I expected KV cache co-location to nudge the outputs toward similar directions, but it didn’t really matter in practice. Even with the same planning passed to all three workers, coordination wasn’t there. Each worker proceeded with inference independently, resulting in one worker ignoring decisions made by another.

Lesson learned: for coding tasks specifically, any-to-any generalist models should only be used for the orchestrator. Workers need constrained prompts and context to maintain quality in parallel execution. Parallelism is effective for data collection throughput, but if you expect coherent collaborative output, the orchestrator design needs to come first.

After That: GLM-5.1 + Qwen3-Coder-Next Configuration

After this experiment, GLM-5.1 was released at just the right time for the grandpa role. I swapped out Kimi-K2.5, combined it with the coding-oriented Qwen3-Coder-Next, and got significantly better results.

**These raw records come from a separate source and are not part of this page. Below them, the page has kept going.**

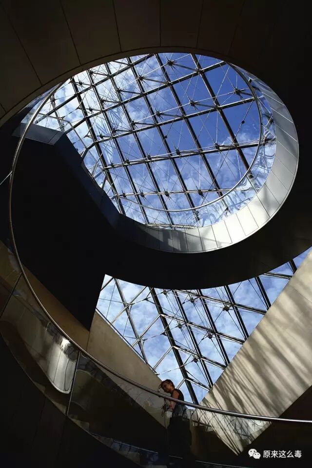 鹦鹉螺身上每圈螺纹的直径与相邻螺纹直径之比也是黄金分割率。所以当我们拍到一些螺纹状物体时也可以应用黄金分割法来进行构图。旋转楼梯的曲率是固定的,但随着拍摄角度的改变,楼梯在画面中的线条曲率还是会发生变化的。我们可以选择合适的角度,让曲线符合黄金分割的视觉效果。
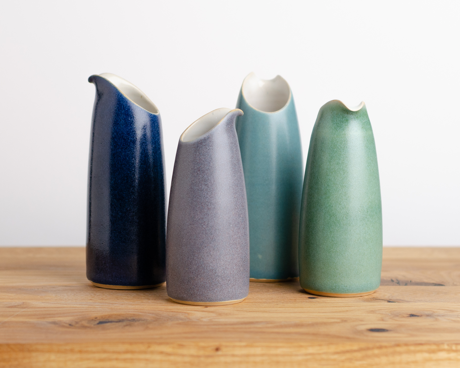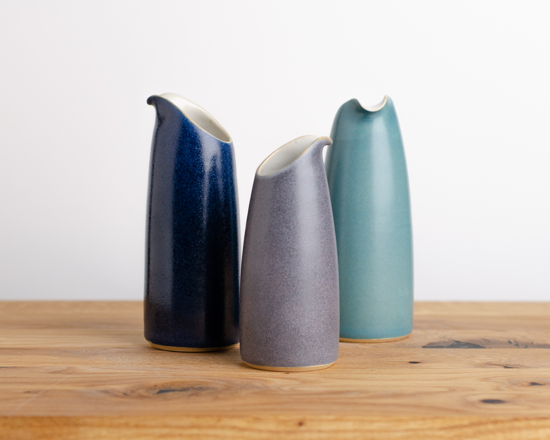 Krügli für Milch, Saucen oder andere geringe Mengen Flüssigkeit. Kann ebenfalls als kleine Vase verwendet werden. Innen glänzend weiss glasiert, aussen seidenmatt bunt glasiert. Höhe unterschiedlich, 9cm-11cm. Fassungsvermögen ca. 1dl.
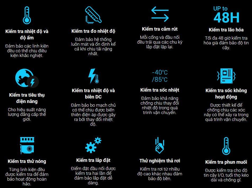 Mỗi bo mạch chủ ASUS PRIME H510 M-K đều phải vượt qua hơn 8.000 giờ thử nghiệm khắc nghiệt, Độ tin cậy của sản phẩm vượt xa các tiêu chuẩn quốc tế, đảm bảo rằng mọi thành phần bo mạch chủ được thiết kế để làm việc tốt trong mọi điều kiện.
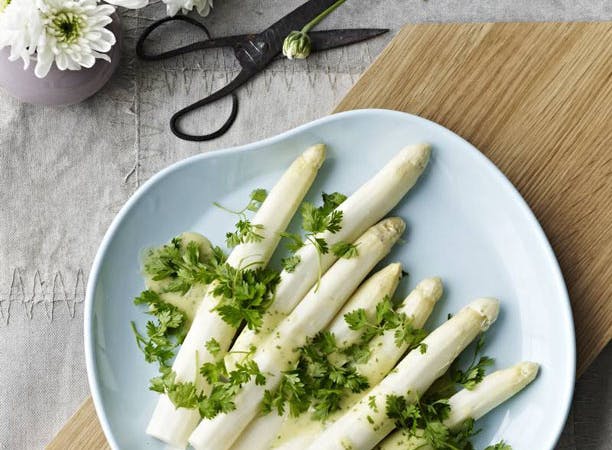 Asparges er også en af de råvarer, som er i sæson. Både danske og udenlandske asparges er bedst omkring maj og juni. Heldigvis kan du fryse de hvide asparges ned, når du har skrællet og blancheret dem i et par minutter. Fisk og krydderurter er der også masser af lige nu. Fx muslinger, torsk, hornfisk men også krydderurter, som mynte, persille og meget mere.
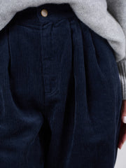 Pantalon velours côtelé à plis avant en coton biologique et chanvre

  dev0 / GLM-5.1 (grandpa)
  PP:  340 tok/s
  TG:  12-16 tok/s

dev0 / Qwen3-Coder-Next (worker-0)
  PP:  2500 tok/s
  TG:  114 tok/s

dev1 / Qwen3-Coder-Next (worker-1)
  PP:  5100 tok/s
  TG:  161 tok/s

dev1 / PLaMo2Translate (translator)
  PP:  100-240 tok/s
  TG:  35-140 tok/s
  

The configuration with a high-reasoning model as orchestrator and coding-specialized models as workers showed clearly better coordination than the Gemma 4 unified setup. Details of this configuration for another time.